У нас с минуты на минуту ждали штурма, несмотря на то Малахов был почти без войск. В ямах, образовавшихся от взрывов, в сорока шагах от Малахова, уже залегли французские стрелки.

Еще в среду 25 августа капитан-лейтенант Карпов{146} писал главнокомандующему: «Курган пришел в самое крайнее положение и требует усиления в рабочих и в прислуге к орудиям. Если все оставят идти таким же порядком, то курган возьмут не позже пятницы».

Настала пятница — двадцать седьмое августа.

С утра началась адская канонада, но часам к одиннадцати стала ослабевать. В неприятельских траншеях было заметно движение войск, но на бастионах уже привыкли к этому и не обратили особенного внимания.

Орудийная прислуга расположилась отдохнуть и пообедать.

Николай Глебов, оправившийся от ран, находился на Малаховом кургане; старший брат его Алексей — на [530] втором бастионе, а лейтенант Лихачев — на четвертом.

Несмотря на ужасы бомбардировки, Николай Глебов был в самом веселом расположении духа. Он любил, и его любили. Он уже сделал предложение хорошенькой сестре милосердия, дал себе клятву раз навсегда отказаться от прежней безобразной жизни и по окончании военного времени стать хорошим мужем и семьянином. Это было тем более достижимо, что он получил ее полное согласие быть подругой его жизни. При таких видах на будущее никакая бомбардировка не страшна. Лишь бы она, бедненькая, не заболела от чрезмерной работы в госпиталях! Глебов решил даже с согласия своей невесты, что, когда бомбардировка наконец прекратится, они обвенчаются тут же, в Севастополе, по примеру точно такой же свадьбы одного офицера с сестрою милосердия, бывшей в июле.

Когда бомбардировка стихла, Глебов, держа между двумя пальцами папиросу, весело и бодро подошел к очередному начальнику так называемой штурмовой батареи. Это был молодой безусый прапорщик — в то время прапорщики часто заменяли высших офицеров.

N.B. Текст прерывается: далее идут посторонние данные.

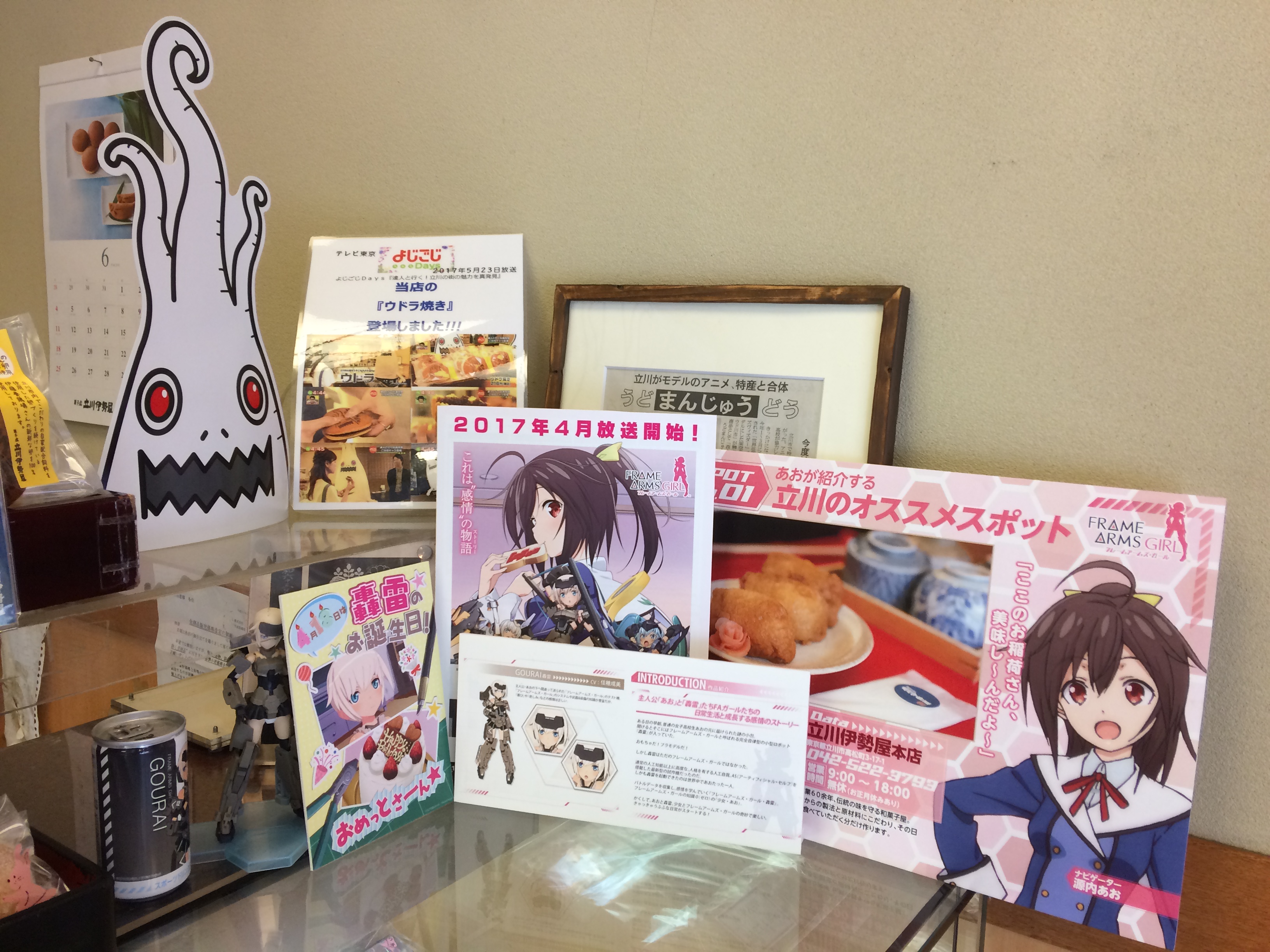 立川伊勢屋様。多種アニメ関連展示やコラボ商品もあります。

— Вот бы хорошо в такое затишье пробраться восвояси, — сказал прапорщик.

— А что?

— Да жду на смену товарища, не приходит, не знаю почему.

— А какой дьявольский ветер, — заметил Глебов. — Хорошо, что дует не в лицо, а в спину. Неприятелю, должно быть, не очень вкусно от такой пыли. Даже холодно становится! Ведь как продувает! Боюсь простудиться.

— Чудак вы, как я вижу, — заметил прапорщик. — Тут каждую минуту может нас с вами хватить бомба, а вы боитесь простудиться!

— Ну, от бомбы Бог миловал, — сказал Глебов, а у самого даже заныла едва зажившая рана.

Разговор этот происходил на крайнем левом фланге Малахова, в сторону второго бастиона и рогатки, куда забрел Николай Глебов.

— Ну, мне пора к своим, — сказал Глебов. Не успел он выговорить этих слов, как на Малаховом кургане, а потом и на всем левом фланге загремели барабаны. [531]

Поднялась общая тревога. Глебов стремглав побежал к своей роте.

Послышались оглушительные залпы, смутные крики, бой барабанов и резкие звуки неприятельских сигнальных рожков. Из бывшей Камчатки роями стремились французы на курган и лезли на вал, подсаживая товарищей.

На Кургане поднялась страшная суматоха. Близ одного блиндажа, занимаемого генералом Буссау, стояла команда солдат Модлинского полка с поручиком Юни. Генерал собирался раздать им Георгиевские кресты, как вдруг раздались крики: «Штурм! Штурм!» — и поручик со своей командой бросился занять Малахову башню. На башне взвился синий флаг — сигнал тревоги.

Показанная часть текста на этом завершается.